There is a connection between this week’s Torah reading and the concept of purification or the forgiveness of sins. The name of the Parashah is Shemini or eighth. It refers to the day after the Kohanim (Priests) would finish their service in the Temple (or the Tabernacle). It was on the eighth day that they would exit. In regard to our Torah reading, it was only the High Priest, Aaron, who served, while Moses was instructing him. This first time was an example to the other priests who would serve in the future. Please note that some authorities teach that it was Moses who alone did the work while Aaron and his sons simply watched and then began serving from the eighth day.

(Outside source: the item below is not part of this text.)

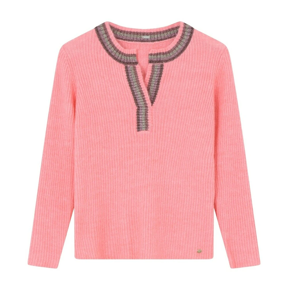 Deilig strikk fra Gustav med lange ermer, rund hals med et lite V-kutt, et fint strikkemønster og vakre glimmerdetaljer rundt halsen. · Fit: ALM · Dimensjoner: Str. XS: Brystdimensjoner: 40 cm. x 2. Lengde: 58 cm. · Modell: Aja, Rib Knit Knit 47401/3713 Coral Lily · Kvalitet: 33% polyester, 24% akryl, 20% ull, 20% mohair, 3% Elasthan · Vask: 30 grader ekstra skåne vask

It is significant that the eighth day is emphasized. This number relates to something “new”. It can also be connected to the concepts of “redemption” and the “Kingdom”. Therefore, it is not surprising that one reads,

And Aaron lifted up his hands to the people and blessed them, and he went down and made the sin, burnt, and peace offerings. And he and Moses came to the Tent of Meeting and went out and then blessed the people and the glory of the Lord appeared to all the people.” Leviticus 9:22-23

One learns from these two verses that the primary work of the Kohanim is to bless the people. The important factor is that the people cannot be blessed without the sacrifices being offered first, which atones for sin. What is the real blessing? One reads that “the glory of the Lord appeared to all the people”. In other words, although the atonement is necessary, it is not the main objective. It is rather the necessary means for what the Lord truly wants— namely that there be fellowship between Himself and the people. When the text states that “the glory of the Lord appeared…” it relates to His presence being manifested.

Now that Jesus has paid the price to atone for sin, we (believers) have the privilege of sharing in a new type of priesthood, a royal priesthood (1 Peter 2:9) and bring others into His wondrous light (glory).